I think you are right and there must be something wrong with the initializations or maybe something else I cannot figure out. To get more insights I run some experiments:

These are the models (3 hidden layers of width 10):
Code of the models is here

modelN = TorchNet('No Activation', inp_dim, n_class, lay_size, n_layers, actf='none', track_stats=True, recursive=0)
modelS = TorchNet('Sigmoid', inp_dim, n_class, lay_size, n_layers, actf='sigm', track_stats=True, recursive=0)
modelT = TorchNet('TanH', inp_dim, n_class, lay_size, n_layers, actf='tanh', track_stats=True, recursive=0)
modelR = TorchNet('ReLU', inp_dim, n_class, lay_size, n_layers, actf='relu', track_stats=True, recursive=0)

The results changes from different runs so I guess they are very sensitive to the initialization?
How could I properly initialize them to be sure that the problem is somewhere else? I haven’t manually code any specific initialization but the default random I guess.

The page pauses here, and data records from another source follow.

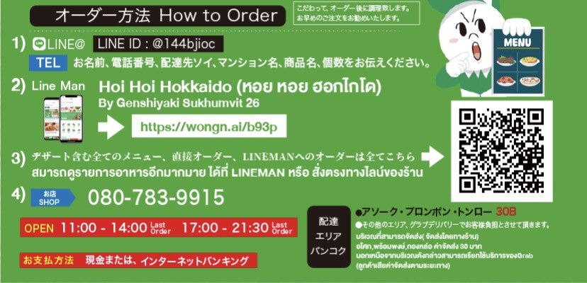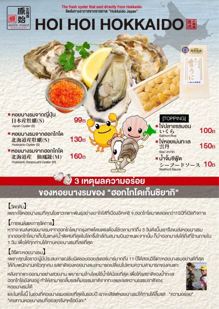久しぶりに来ました!牡蠣、刺身、いくら丼、そして何を食べても本当に美味しい!店員さんの対応もとても良かったです。店内は日本語が通じるスタッフもいるので安心です。バンコクで北海道の美味しいものが食べたいなら、ここに来るべきです。
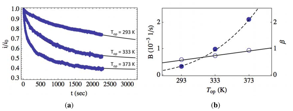 Figure 7b shows the fitting parameters, B (filled circles) and β (hollow circles), plotted as a function of operating temperature. The fitting parameters as a function of temperature are fitted to an Arrhenius (dashed line) and linear (solid line) model for B and β, respectively. With increasing temperature, β is found to increase approximately linearly. This is consistent with the assumption that the density of photogenerated charge carriers is approximately proportional to the illumination intensity.
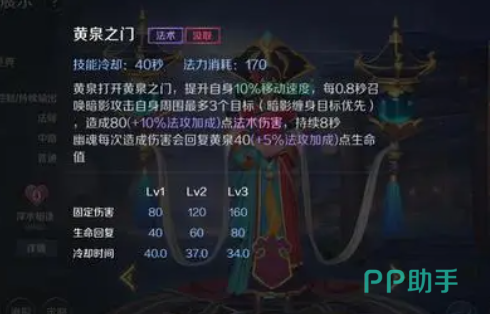 他的技能有以下几个特点:被动技能:能从附近参与的主攻及击杀中持续获得血量及法术加成,最多可以叠加20层。这让黄泉在后期拥有更高的法术强度和生命值,非常适合团战。一技能:对敌方造成4秒的持续伤害,并且如果目标在4秒内死亡,该效果会转移到最近的一个敌方英雄身上。这个技能可以让黄泉在团战中不断地传播伤害,打出惊人的输出。

I also leave here the code for training:

def train_epoch(model, tr_loader, criterion, optimizer, lr, results):
    train_loss = 0     
    correct, total = 0, 0       
    # Run minibaches from the training dataset
    for i, (X, labels) in enumerate(tr_loader):
        X, labels = Variable(X), Variable(labels)
        # Forward pass
        y_pred = model(X)
        s, preds = torch.max(y_pred.data, 1)
        # Compute loss 
        loss = criterion(y_pred, labels)            
        # Backward pass
        # Collect stats 
        train_loss += loss.item()

        # Compute and store epoch results
        total += y_pred.size(0)
        correct += int(sum(preds == labels)) 
    lss = round((train_loss / i+1), 3)
    acc = round((correct / total) * 100, 2)
    return lss, acc

def valid_epoch(model, ts_loader, criterion, results):
    valid_loss = 0
    correct, total = 0, 0
    with torch.no_grad():
        for i, (X, labels) in enumerate(ts_loader):
            X, labels = Variable(X), Variable(labels)
            # Forward pass
            y_pred = model(X)
            s, preds = torch.max(y_pred.data, 1)
            # Compute loss 
            loss = criterion(y_pred, labels)           
            valid_loss += loss.item()
            # Compute and store epoch results
            total += y_pred.size(0)
            correct += int(sum(preds == labels)) 
    lss = round((valid_loss/i+1), 3)
    acc = round((correct / total) * 100, 3)
    return lss, acc

Then, from the main.py:

models += [modelN, modelS, modelT, modelR]

for model in models:
    r = Results()
    optimizer = optim.SGD(model.parameters(), LR, MOMEMTUM, WEIGHT_DECAY, nesterov=NESTEROV)
    model_no_recursive_params = [model, criterion, optimizer, r]
    train_no_recursive_params = [EPOCHS, LR]
    train(*model_no_recursive_params, *train_no_recursive_params)

You could adapt this initialization using your non-linearities:

def weight_init(m):
    if isinstance(m, nn.Linear):
        nn.init.xavier_uniform_(m.weight, gain=nn.init.calculate_gain('relu'))
        if m.bias is not None:

In most runs the output of the model was randomly distributed, although not in every run.